+++ Material shown

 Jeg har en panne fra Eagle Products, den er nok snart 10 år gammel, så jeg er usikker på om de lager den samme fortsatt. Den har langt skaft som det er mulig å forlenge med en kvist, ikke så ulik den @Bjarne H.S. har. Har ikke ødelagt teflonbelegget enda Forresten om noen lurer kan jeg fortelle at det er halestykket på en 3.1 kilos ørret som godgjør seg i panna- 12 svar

++++++
+++ Material shown

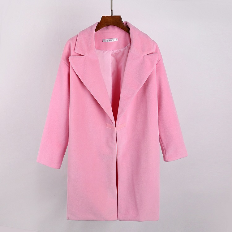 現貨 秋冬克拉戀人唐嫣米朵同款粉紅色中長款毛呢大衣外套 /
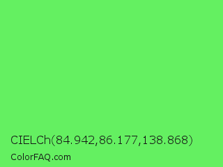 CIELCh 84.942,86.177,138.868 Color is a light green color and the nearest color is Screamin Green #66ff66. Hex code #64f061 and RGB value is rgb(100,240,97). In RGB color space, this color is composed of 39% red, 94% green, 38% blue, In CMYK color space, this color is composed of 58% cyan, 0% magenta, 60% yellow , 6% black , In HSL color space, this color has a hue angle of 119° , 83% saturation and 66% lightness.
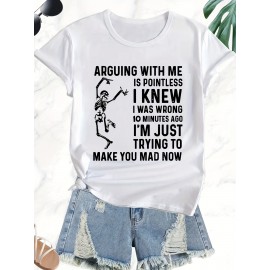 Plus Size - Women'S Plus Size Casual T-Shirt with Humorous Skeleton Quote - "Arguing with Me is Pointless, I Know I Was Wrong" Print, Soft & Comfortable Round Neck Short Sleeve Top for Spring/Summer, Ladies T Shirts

++++++

- What the task asks -
What do the entries above read from the line containing "CIELCh 84.942,86.177,138.868 Color" through the line containing "Plus Size - Women'S"? Output those lines exactly, both ends included, with the pictures left out.

- Response to the task -
 CIELCh 84.942,86.177,138.868 Color is a light green color and the nearest color is Screamin Green #66ff66. Hex code #64f061 and RGB value is rgb(100,240,97). In RGB color space, this color is composed of 39% red, 94% green, 38% blue, In CMYK color space, this color is composed of 58% cyan, 0% magenta, 60% yellow , 6% black , In HSL color space, this color has a hue angle of 119° , 83% saturation and 66% lightness.
 Plus Size - Women'S Plus Size Casual T-Shirt with Humorous Skeleton Quote - "Arguing with Me is Pointless, I Know I Was Wrong" Print, Soft & Comfortable Round Neck Short Sleeve Top for Spring/Summer, Ladies T Shirts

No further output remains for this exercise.